No. Illness affects differently people differently. It can also affect different people differently at different stages of life. The battles and losses are different. Younger adults may lose things that older adults secured in a healthier past, such as friends, education, a career, or children.

I recently I realised that I can’t have children… I went to a group for support and met people my parent’s age who talked a lot about their kids who are my age. Their kids are working, travelling, and starting families. Often the group would reminisce about what they did when they were my age and enjoying the health they had. I need support from people who don’t just understand pain and fatigue, but who also know what it is like when life seems to stop before it starts.

– Member

Are you against having friends of different ages?

No. People benefit from having friends of all ages, including friends their own age. Having same-age friends is normal for the healthy, but it isn’t a given when you are young and ill. For instance, I didn’t have any local friends my own age for 18 years. That changed because of Chill.

Isn’t an age limit ageist?

No. We are against ageism. We want to meet some people our own age. This is not ageist.

Feel like I’m going mad when the only people my age I know have careers and holidays and are starting families and I’m doing literally none of it. Can’t work, can’t go on holiday, never went to uni, probs won’t have a family. I have a carer not a career. Makes me feel like a failure. Meeting older ill people was okay but they talked about work and families and I still felt a failure. The only thing that helped was finally finding people my age who really were in the same boat.

– Member

Can’t you have older and younger people in your group?

We have several members over 45 (see below), and members can bring a plus one of any age over 18. However, because chronically ill young people are a minority among chronically ill people, we need to be intentional in finding each other. An age limit helps us do this.

It isn’t just support groups that tend to be older. It is social groups in general. I tried the local photography group, art group, philosophy club… I’m almost always the only attendee under retirement age. I can’t do things most people my age do, but it doesn’t mean I don’t want friends my age. The only people my age I know are on Facebook. I wish I could see them in person.

– Member

Is there flexibility?

Yes. We have a few older members.

Some of them

  • Have been ill from a young age;
  • Were invited;
  • Were regulars;
  • Or are only slightly over the age limit.

Aren’t you denying older people support?

No. Most support groups are geared towards older people.

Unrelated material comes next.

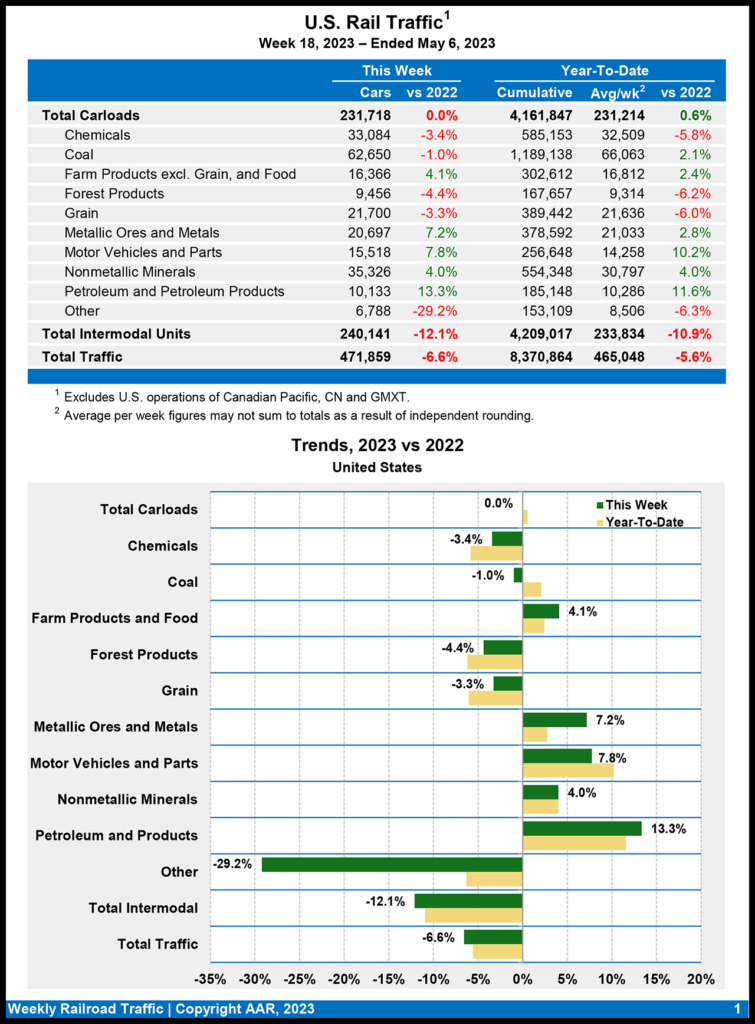According to the AAR, for the week ending May 6, 2023, U.S. Class I railroads carried a total of 471,859 carloads and intermodal units, falling 6.6% from the same week last year. This comprises 231,718 carloads—down 0.04% from the prior-year period—and 240,141 containers and trailers—down 12.1% compared with 2022.

Imagine that support groups are patches on a quilt. Each patch has a unique purpose, but they all connect to form something bigger.

Some “patches” for ill and disabled people cater solely for

  • A single, specific condition;
  • Carers only;
  • Parents only;
  • Teenagers only;
  • LGBT people only;
  • Healthy disabled people (e.g. Deaf people, amputees, etc);
  • Minorities (such as this group for Chinese people dealing with cancer);
  • A specific gender, such as groups for men dealing with mental illness;
  • And so on.

Most groups exclude to include. Most people fit into multiple categories and so go to multiple groups.

If someone starts a group for, say, autistic Muslims, their group needs to be exclusive to work. If it isn’t, like a vegetarian Halal restaurant selling bacon butties, the original purpose will be lost.

It makes me feel quite sad that people have a negative reaction to the group. Having said that, I totally understand the feeling of unfairness and exclusion- I would imagine most of us feel that on a daily basis! Perhaps a better way to look at Chill is as a group that has guidelines so that younger people don’t feel excluded by the general older swing of other groups available. While I have fun hanging out with teens, and perhaps sharing a few pearls of wisdom, they find huge benefits in having a gathering of their own and I wouldn’t dream of denying them that. The same for parents, or people with the same condition as you: there’s such a relief in finding someone who just ’gets it’.